I ran the money-moving scenario for a retail customer-service agent — refunds, cancels, address changes, shipment interceptions, the writes that move real money. At the launch review, the vendor brought a pretty overall accuracy and requested a rollout. I did one thing: pull the money-moving intents out of that total and compute them on their own.
The moment they were pulled out, the number was ugly: the money-moving intents' wrong-action rate was alarming, dozens of money-touching errors sat there the whole time — and the pretty overall accuracy had diluted them into the tens of thousands of harmless "where's my order" rows, looking perfectly fine.
The money-moving errors were hidden by one blended number. That's the first lesson of a launch decision: a vague "accuracy" or "self-serve rate" is the best hiding place for money-losing errors.
Money-moving errors need their own gate — on the wrong-action rate
A launch decision can't ride on one blended number — money-moving writes must be pulled out on their own, watched by their wrong-action rate, at a far stricter threshold than consult intents.
Why a total lies: money-moving writes are a fraction of a percent of all traffic (the long tail from post #1). Blend them with tens of thousands of read-only queries into one accuracy figure and even if the money-moving intents are a disaster, weighted into the total they move only the second decimal. You nod at a 95% overall while dozens of wrong-refund, mishandled-compliance orders sit in that fraction of a percent.
A wrong consult answer?
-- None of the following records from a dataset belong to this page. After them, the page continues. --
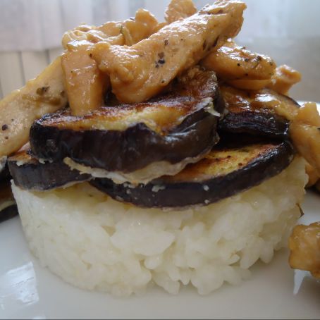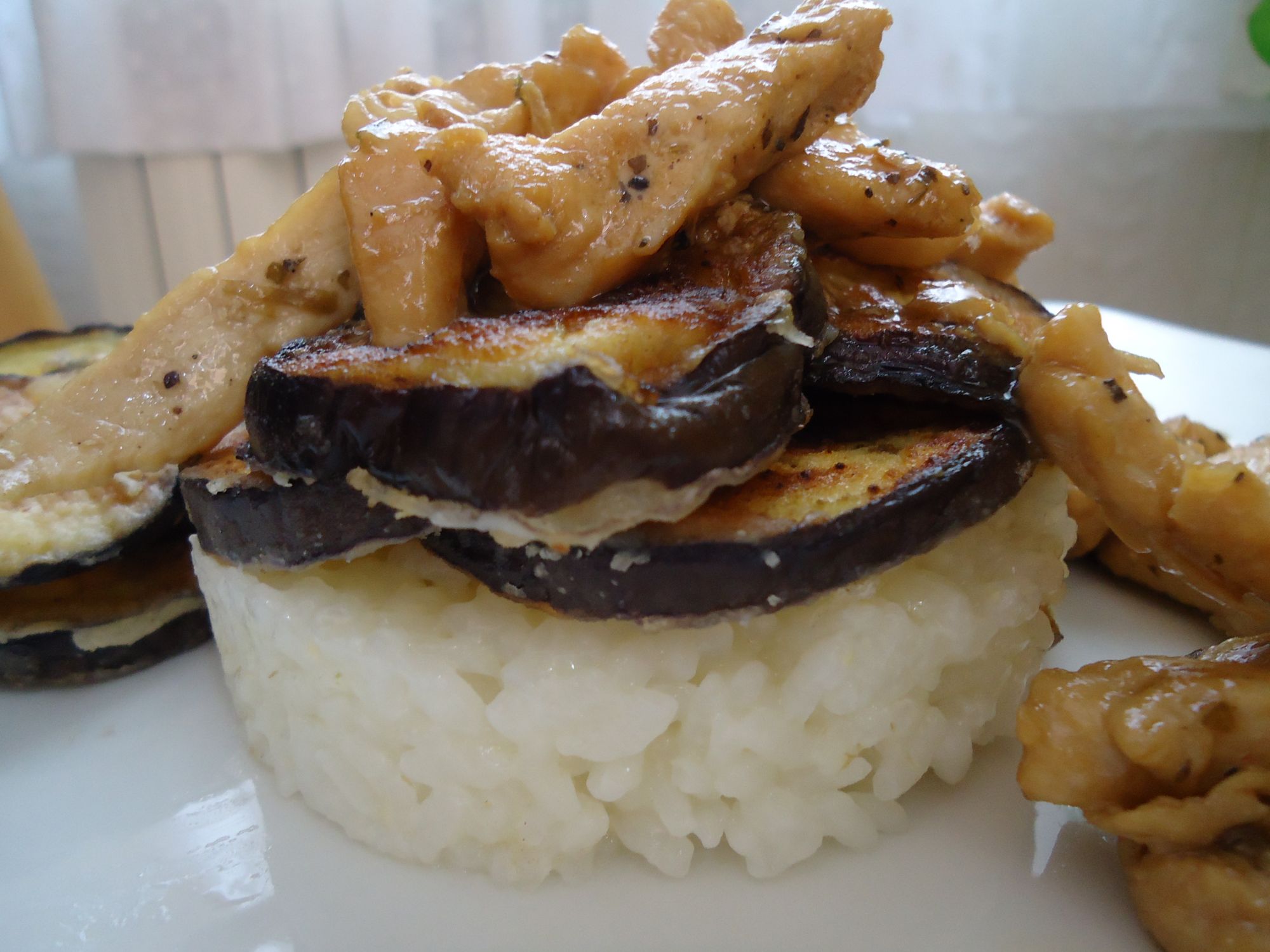 Ahora viene lo más bonito de esta receta a la hora de presentar en la mesa. Primero ponemos una capa bien tupida de berenjenas, luego un poco de arroz en el centro, encima el pollo y por último cubrimos con todo el arroz, iremos apretando con la espátula poco a poco con el fin que queden todos los productos juntitos ya que tenemos que darle la vuelta como si se tratara de una tortilla.
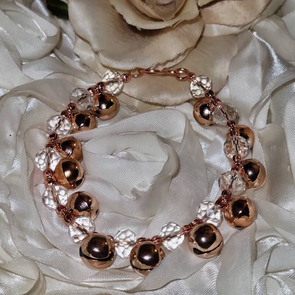 Soriel radiates soft feminine energy with copper beads, clear glass accents, and the protective chime of bells. Every bell carries the power to purify, shield against negativity, and restore inner clarity—like a spiritual reset with every movement. Clear glass beads symbolize purification, amplifying the energy of fresh starts and transparent intention. Combined with copper’s natural ability to cleanse and circulate energy, Soriel becomes a bracelet of clarity, protection, and presence. It calls you gently back to yourself, reminding you that your light is always within reach.
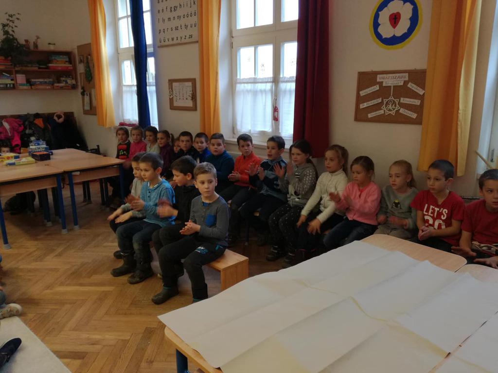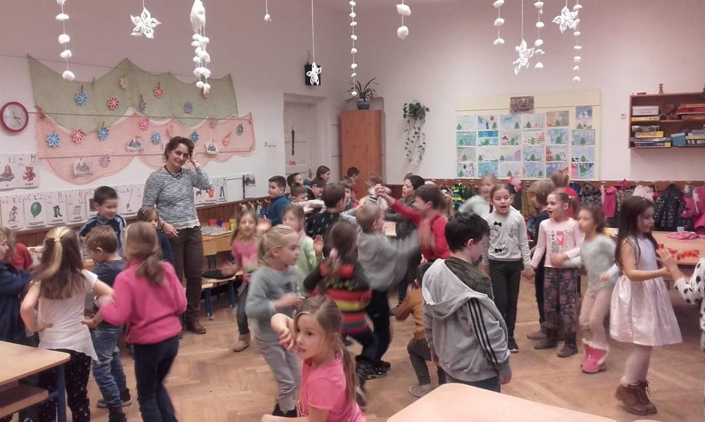 A szünet előtti napokban lelkesen készültek az alsósok a közeledő ünnepekre. Több osztály karácsonyi műsorral készült a szülőknek, a két első osztály pedig közösen karácsonyozott.

The customer asks again. A wrong money-moving action? Real money lost, maybe a compliance incident. So money-moving intents get their own track and their own gate, watched not on "accuracy" but on the wrong-action rate (the share of conversations where a money-moving action was executed incorrectly), set at zero tolerance — not "accuracy over 90%" but "wrong-action rate pushed below some very low line."
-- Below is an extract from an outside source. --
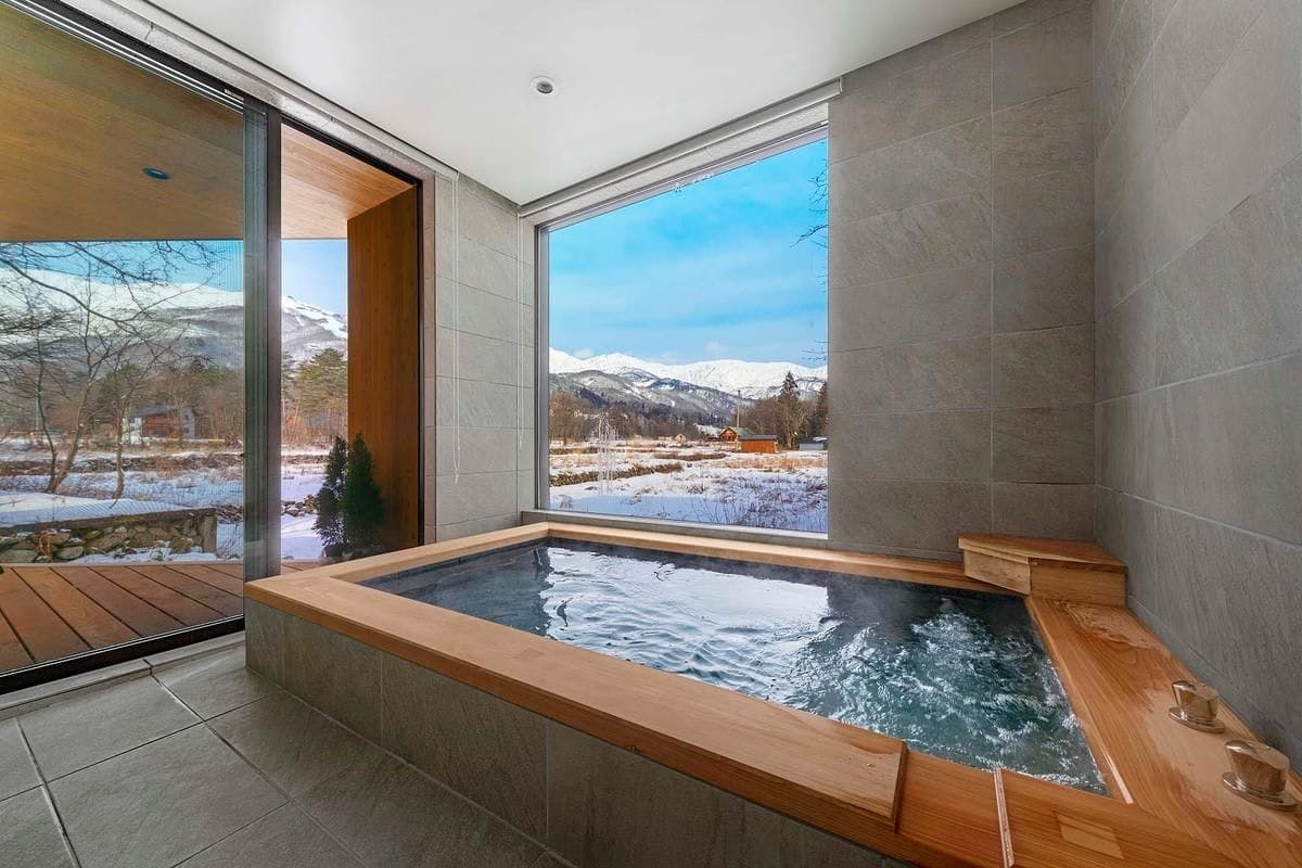 4ベッドルームユニットの八方尾根スキー場と白馬三山が一望できるリビングエリアや和モダンな絶景檜風呂は、特別な空間を演出しています。

One blended accuracy dilutes the money-moving track's crash into tens of thousands of read-only queries — two tracks, two costs of error, must have two different gates.Detection move: whenever someone requests launch with a blended accuracy / self-serve rate, ask one thing — pull the money-moving writes out on their own, what's the wrong-action rate? "Can't say" or "never computed it separately" means the request can't be approved.
And some of those dozens of errors are old debt from before the fix
Ready isn't whether the point estimate cleared — it's whether the confidence-interval bound clears the threshold, and you have to surgically cut pre-fix old data per scenario, or you can't see the current true level nor prove the fix worked.
Those dozens of errors hide one more trap: some of them are old wrong answers left by the bug you just fixed last week. Accuracy = correct / total; if the denominator still holds pre-fix old debt, an already-fixed agent gets dragged to "not ready" by its own history — you either block an agent that should ramp, or you can't tell whether the fix did anything.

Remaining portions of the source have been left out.